All three panelists were Santa Feans. Few of you will not have heard of the author Douglas Preston who has written or co-written about twenty thrillers, covering all kinds of subjects from an Italian serial killer to one centered around the ancient Incas.  Many have been #1 on the New York Times Best Seller list.  He is also a journalist and written for magazines such as “The New Yorker”, “The Smithsonian”, and “National Geographic”.

Another well known author is Michael McGarrity the author of a dozen crime novels many of them best sellers as well.  He was a deputy Santa Fe County sheriff and held other positions in law enforcement.  He was a case worker for the public defender’s office as well as a trained psychotherapist all before he turned to writing full time.

They were there to testify that they had actually seen the treasure chest in Forest’s vault (we had not) and Preston gave a vague description of its contents.  But they were also there to tease Forest and ask questions about the treasure and where it might be hidden. He was masterful at answering giving amusing responses without any information therein.   Watching his wife and family who happened to be sitting in my row I deduced that they were used to his tall tales and sense of adventure. It is, however, generally believed that the treasure actually exists.
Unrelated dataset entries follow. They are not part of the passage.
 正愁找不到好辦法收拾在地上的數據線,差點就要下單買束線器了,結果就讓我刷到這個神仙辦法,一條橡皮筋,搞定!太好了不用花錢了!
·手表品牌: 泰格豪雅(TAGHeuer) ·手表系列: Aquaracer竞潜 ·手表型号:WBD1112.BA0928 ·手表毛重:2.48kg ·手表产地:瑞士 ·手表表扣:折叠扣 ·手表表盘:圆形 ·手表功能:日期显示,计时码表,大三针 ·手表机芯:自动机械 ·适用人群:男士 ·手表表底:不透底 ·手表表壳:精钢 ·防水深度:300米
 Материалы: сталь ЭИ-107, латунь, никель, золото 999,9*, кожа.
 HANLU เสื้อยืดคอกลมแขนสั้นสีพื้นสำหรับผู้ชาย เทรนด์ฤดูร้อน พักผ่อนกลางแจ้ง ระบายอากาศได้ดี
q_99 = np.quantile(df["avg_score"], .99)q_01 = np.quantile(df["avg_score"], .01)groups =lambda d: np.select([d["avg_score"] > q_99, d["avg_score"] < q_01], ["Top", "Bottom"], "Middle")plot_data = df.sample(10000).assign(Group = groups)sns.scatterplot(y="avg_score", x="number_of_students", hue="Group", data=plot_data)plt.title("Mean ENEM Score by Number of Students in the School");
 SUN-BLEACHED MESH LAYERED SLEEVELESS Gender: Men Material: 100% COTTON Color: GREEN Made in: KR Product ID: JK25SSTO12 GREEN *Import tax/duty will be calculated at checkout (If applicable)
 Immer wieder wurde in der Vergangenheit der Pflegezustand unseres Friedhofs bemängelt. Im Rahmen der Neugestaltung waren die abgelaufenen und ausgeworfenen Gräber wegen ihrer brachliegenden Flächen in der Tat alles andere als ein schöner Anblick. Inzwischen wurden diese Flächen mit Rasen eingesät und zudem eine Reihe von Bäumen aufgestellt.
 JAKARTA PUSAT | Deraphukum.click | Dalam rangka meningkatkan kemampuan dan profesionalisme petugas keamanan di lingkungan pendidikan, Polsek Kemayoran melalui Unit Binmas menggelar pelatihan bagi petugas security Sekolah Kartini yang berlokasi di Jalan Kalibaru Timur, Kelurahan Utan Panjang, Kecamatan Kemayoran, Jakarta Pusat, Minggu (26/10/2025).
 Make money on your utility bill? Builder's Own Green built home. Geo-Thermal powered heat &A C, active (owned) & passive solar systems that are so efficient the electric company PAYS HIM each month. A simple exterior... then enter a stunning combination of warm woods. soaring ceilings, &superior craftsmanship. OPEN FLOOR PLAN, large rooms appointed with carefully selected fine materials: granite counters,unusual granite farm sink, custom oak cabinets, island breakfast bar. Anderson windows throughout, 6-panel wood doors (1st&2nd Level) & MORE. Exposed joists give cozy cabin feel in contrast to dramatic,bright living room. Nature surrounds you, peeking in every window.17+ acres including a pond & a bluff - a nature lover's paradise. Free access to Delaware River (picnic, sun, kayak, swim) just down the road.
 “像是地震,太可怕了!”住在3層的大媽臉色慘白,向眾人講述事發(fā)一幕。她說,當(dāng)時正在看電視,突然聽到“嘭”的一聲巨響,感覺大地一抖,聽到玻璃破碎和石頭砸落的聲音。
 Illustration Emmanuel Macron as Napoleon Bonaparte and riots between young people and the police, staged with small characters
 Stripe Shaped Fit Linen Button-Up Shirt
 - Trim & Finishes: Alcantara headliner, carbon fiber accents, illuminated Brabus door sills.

Forest has been interviewed about it for many venues beyond his recurring Today show appearances.  If you look on the internet you will find over 20 pages relating to Forest and his treasure.  There was recent press on a woman rescued after she got lost in the mountains searching for it.

We learned that in 1988 Forest was given a 20% chance of living another 2 years but as evidenced by this panel he is still with us.  He decided then that he would like to give something back in a rather novel way.  He bought a Renaissance bronze casket 10X10x 6 inches for which he paid $25,000 to fill with enticing treasures. For years he bought gold nuggets one being reported to be as large as an egg.  There is also jewelry and other precious items having been reported to be worth anywhere from hundreds of thousands to millions of dollars.  He hid it somewhere North of Santa Fe in the Rocky Mountains, and more he will not say.   He wrote a poem which appears in his book with clues to help lead to the treasure that he says may or may not be buried.

He told us he has received over 16,000 emails with 31 of the individuals claiming to have already found it, and giving a great deal of detail showing that they actually had not. He said somewhat facetiously that he had hidden the treasure for every redneck in Texas and he hoped it would be found by a redneck driving a truck with his 12 kids in the back.  In other words he hoped it would help a less fortunate family.   But what he was most serious about was that he hoped the hunt would inspire young folk to get out more and explore nature.  They should get their faces out of their computers and come out of their basements and their game machines and go into the great outdoors.

There were many questions and responses but in my opinion the best came from a young boy standing through the entire hour clutching an autographed copy of Forest’s book.  He wanted to know if a person’s life would be changed if they found the treasure.  Forest replied, “it is better to have enough money than a lot of money”.